What software is she using to create these info boards?
I had a long-ass comment about the lake of rot and the concept of prophecies in GRRM's books and how his ideas on the nature of prophecies might impact ER and the actions taken by certain characters, and how they might have brought about the very thing they were trying to prevent, but it was too long apparently so here's a shorter version. An example of this are the Blue Dancer aka the fairy of River Siofra and the blind swordsman sealed the god of rot, only for the lake of rot to become such a stagnant, fetid pool of rot that it surpasses any other example of rot seen elsewhere, and is in fact slowly seeping into the clean flowing waters through the Grand Cloister, spreading through the lands between via the "clean" water supplies.

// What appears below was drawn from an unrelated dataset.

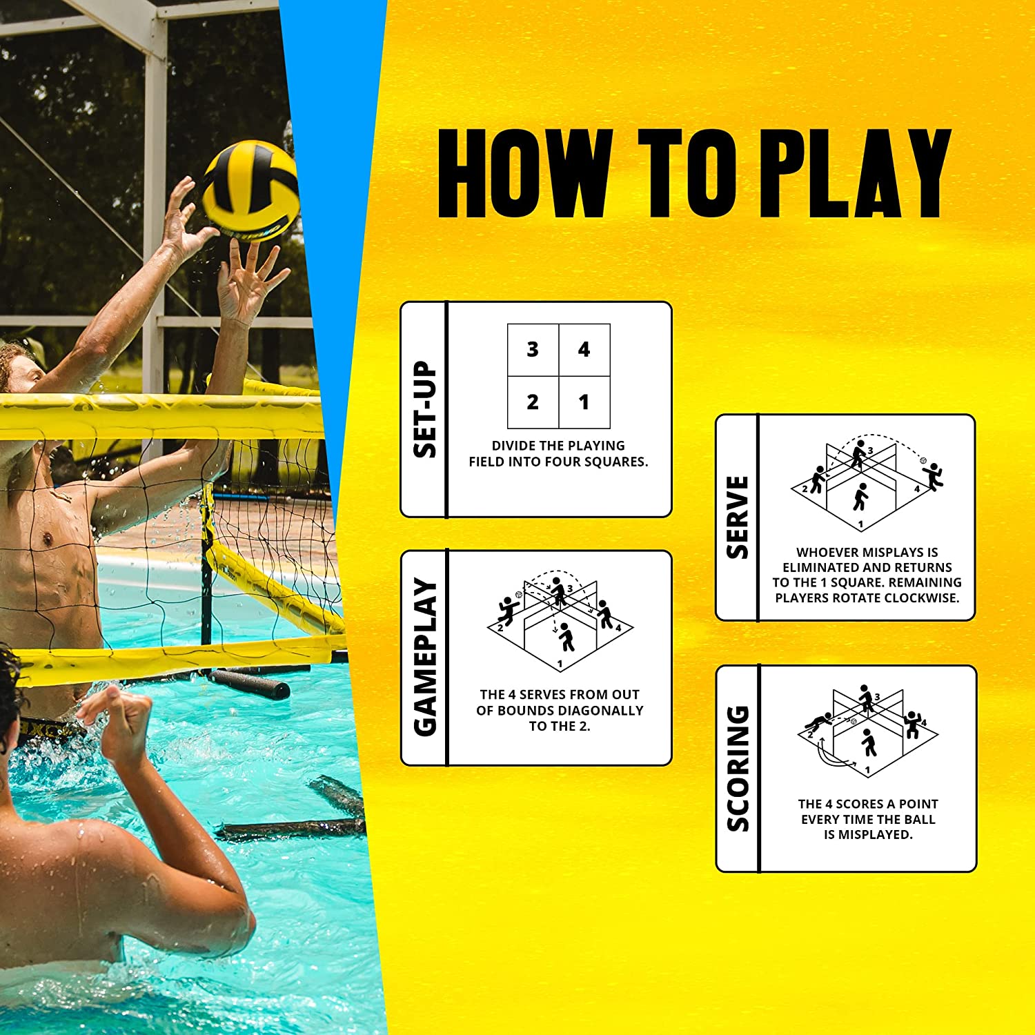 CROSSNET H2O Volleyball Pool Game for Adults and Family - Four Square Net Pool Game - Quick Assemble & Portable - Pool Volleyball Set for Inground Pools - Perfect Pool Toys for All Ages W/Accessories

We know they are polluted because of the melted mushroom, which is stated to only grow in rot-corrupted lands or something similar, yet we only find it in the Siofra river areas below Nokron and the Ainsel River areas leading to Nokstella. By containing the God of Rot in the underground area below Raya Lucaria, in an act that we are lead to believe was done with the best of intentions, these 2 have paved the way for the Rot to infect the entire lands between, and bring about an age of rot so profound that the eventual age of abundance that will emerge from it will bear little to no resemblance to the past ages we see throughout the game, as their marks on the historical record look set to be completely erased, if what's left of Caelid is any indication.
on a semi related note, does anyone have any thoughts on the white "trees" with the little round bulbs sticking out of their "branches" that are growing in the lake of rot? If you look closely, at their base there is a fairly large pile of bones being absorbed into it, and given their rather fleshy appearance, it almost looks like they're born from the skin and muscle of the bodies that have gathered at its base. Basically, freaky alien flesh trees that grow from mass graves that are exposed to the rot, particularly the concentrated rot found only in the lake, as I don't recall seeing these trees elsewhere, despite piles of dead bodies being a common feature in Caelid these days
I have the same problem with you that I have with preston jacobs and his asoiaf stuff in that it becomes really hard to take other people's lore analysis seriously after watching your stuff lol
Maybe you just meant the regular servants of rot, but I don't think there are any mushroom lords in the game. I think the mushroom guys in caelid are just the regular ones.
I remember you talking about Gowry in your last video and how you think he's basically a good person, but while you've convinced me of rot not being evil, I don't think I'm persuaded the same is true of Gowry. I see him as more of a Gideon than a Hewg. It's true that killing Millicent doesn't do permanent damage because she'll just come back to life, but the fact that Gowry is willing to kill her and destroy her psychologically so she can become a better warrior seems pretty irredeemable to me haha.
i like the idea that the greattree dies not because of some cataclysmic event, but because the mycelium it used to feed itself was sealed away with the rot god by the blind swordsman. And the reason the age of plenty came to an end also makes sense this way - either by the grafting theory or by invoking a lack of mycelium to feed the erdtree properly.
i imagine that the enormous chunk of glintstone above the lake of rot is why sorcerers set up base in Liurnia. the glintstone could've come from a comet (or any other space rock really) that may have carried a chitinous scorpion harboring pure rot from the stinger.
and that's why Liurnia's sinking; the comet likely made a crater in which the rot god could nestle, but the glintstone remained above the crater somehow (maybe the rot god used gravity magic). but it's sinking bc even after the rot god was killed, there still remained an enormous lake of rot in which it made home. rot eats at the foundations of Raya Lucaria, and Rennala just mopes in her chambers.